**What is required:** When you reach the line holding "This insulated cover" in the material below, return that line and each one after it, word for word, with the pictures dropped.

**Provided information:**
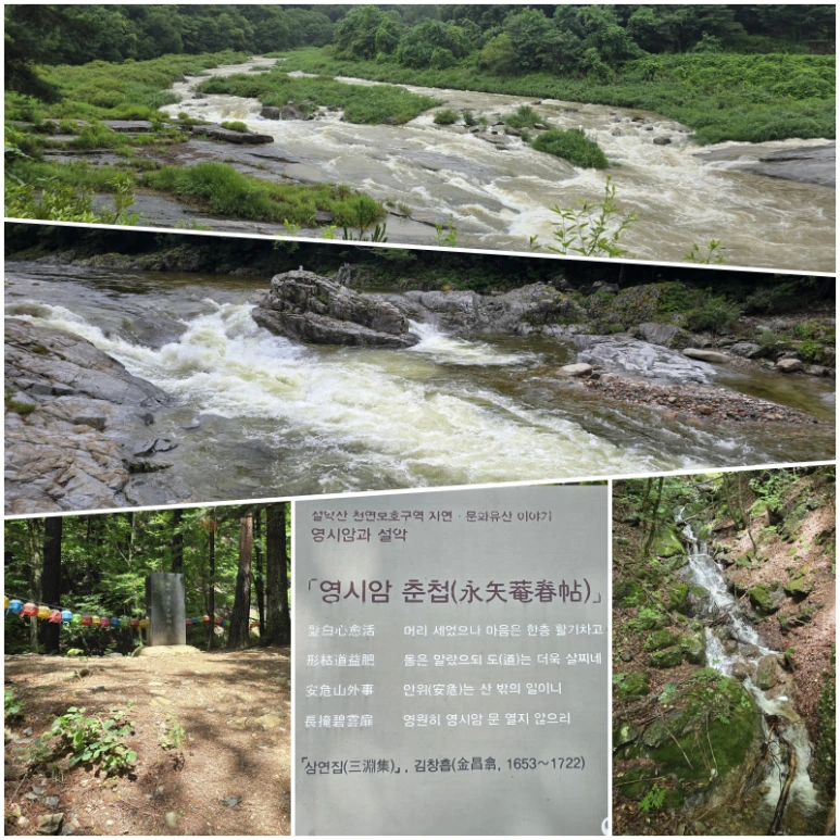 영시암 가는 길. 이것저것 해찰하고, 시문 해설을 읽으며 1시간 남짓 걸어 올라가니 영시암에 도달했다. 김창흡이 직접 지은 암자이자 은둔처였던 ‘영시암(永矢庵)’의 '영시'는 ‘시경(詩經)’에 나오는 표현으로, 화살을 꺾어 부러뜨리며 다시는 돌아가지 않겠다고 굳게 다짐하는 의지에서 따온 말이라 한다. “한번 시위를 떠난 화살처럼 다시는 원점으로 돌아가지 않겠다는 의지를 나타낸 이름 아니겠나”는 나의 예상은 엉터리로 판명나고 말았다. 영시암에는 등산객과 뜨내기 길손들을 위한 배려의 흔적이 여기저기 많다. 앉을 자리도 많이 설치했지만, 비 맞지 않게 지붕 얹은 공간에 뜨거운 물이 늘 끓고 있는 대용량 전기 포트, 그 곁에 놓인 ‘우리 차 티백(Tea bag)’. 심지어 화장실을 묻는 나에게 다실(茶室)에 들러서 차 한 잔 드시고 가시라는 권유를 하실 정도이다. 길손들이 준비해 온 도시락이나 컵라면을 드시는 쉼터이기도 하지만, 점심시간에 국수 공양을 하신다는 말씀도 들었다.
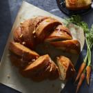 Transfer the pan to a wire rack and let cool for 30 minutes, then invert the pan onto the rack and lift off the pan. Let cool completely, about 2 hours, before serving. Drizzle the cake with honey, garnish with candied orange peel and dust with cinnamon. Garnish each slice with shaved carrots. Serves 16.
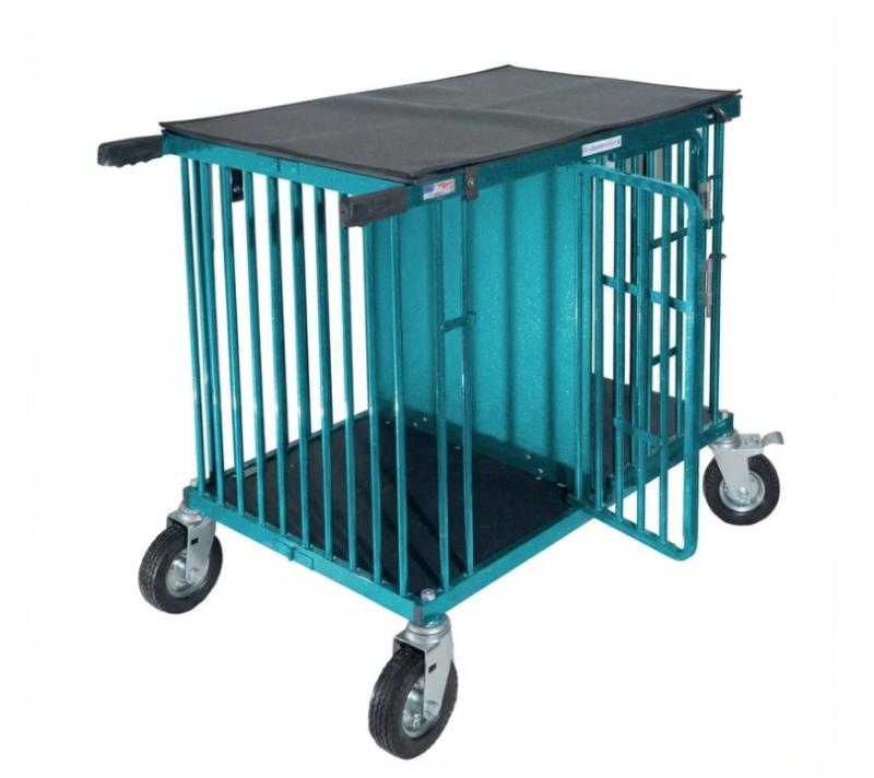 Each trolley is weather resistant and features stainless steel door latches and hinges, comes standard with feed bowl bars, fan bars and rubber grips on the handles.
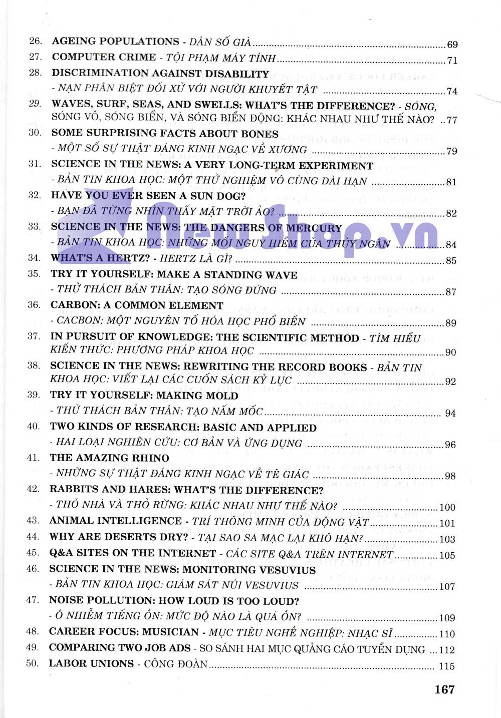 Cuốn sách bao gồm 3 chuyên đề lớn: Ngữ âm, Từ vựng và Ngữ pháp Trong mỗi chuyên đề lớn sẽ được chia thành các chủ đề bao gồm: Các kiến thức trọng tâm.
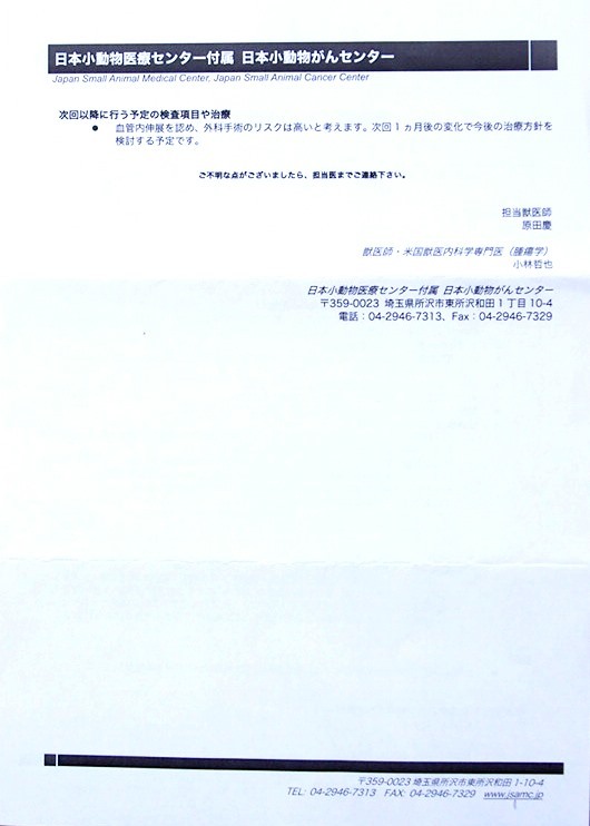 結論にいたりました。幸い転移はありませんが、患部血管からの大出血を
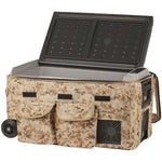 This insulated cover suits the 50 litre Brass Monkey Fridge, GH1642. The heavy duty design will improve fridge efficiency by providing improved insulation, while protecting the fridge case from damage. GH1672 Improve the performance of your portable fridge with this insulated fridge cover. Designed with mesh panels for compressor ventillation plus access panels for handles and lid. - SUITS GH1642 Features: • Camouflage Print Heavy duty insulated cover • Pockets to store cables and power supply • Clear panel allowing easy view of LCD and temperature controls • Tie down points on each corner allows for secure mounting of cover • Vents enabling air circulation allowing the compressor to cool down during operation • Provides protection and insulation, leading to efficiency and longevity • Designed for Brass Monkey 50 litre fridges Note: May also suit other brands such as Primus®, Stirling®, and Spinifex®. Visit any of our retail stores to see if it suits your existing fridge.
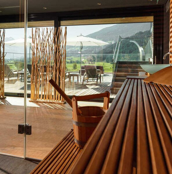 Kuschelige Bademäntel, zusammen mit Badeschuhen und einer Wellness-Tasche, warten in deinem Zimmer auf dich. Badetücher findest du direkt im Wellnessbereich.
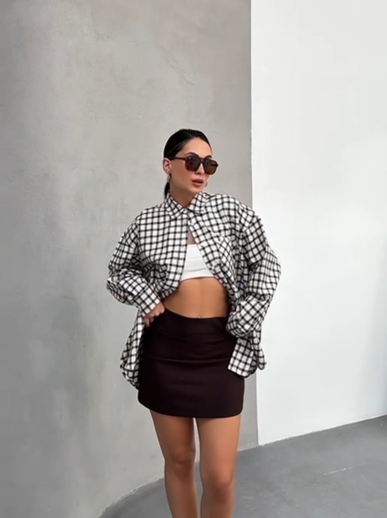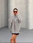 Oversized Checkered Shirt for Women – Black & White Streetwear Style

**Result of this task:**
 This insulated cover suits the 50 litre Brass Monkey Fridge, GH1642. The heavy duty design will improve fridge efficiency by providing improved insulation, while protecting the fridge case from damage. GH1672 Improve the performance of your portable fridge with this insulated fridge cover. Designed with mesh panels for compressor ventillation plus access panels for handles and lid. - SUITS GH1642 Features: • Camouflage Print Heavy duty insulated cover • Pockets to store cables and power supply • Clear panel allowing easy view of LCD and temperature controls • Tie down points on each corner allows for secure mounting of cover • Vents enabling air circulation allowing the compressor to cool down during operation • Provides protection and insulation, leading to efficiency and longevity • Designed for Brass Monkey 50 litre fridges Note: May also suit other brands such as Primus®, Stirling®, and Spinifex®. Visit any of our retail stores to see if it suits your existing fridge.
 Kuschelige Bademäntel, zusammen mit Badeschuhen und einer Wellness-Tasche, warten in deinem Zimmer auf dich. Badetücher findest du direkt im Wellnessbereich.
 Oversized Checkered Shirt for Women – Black & White Streetwear Style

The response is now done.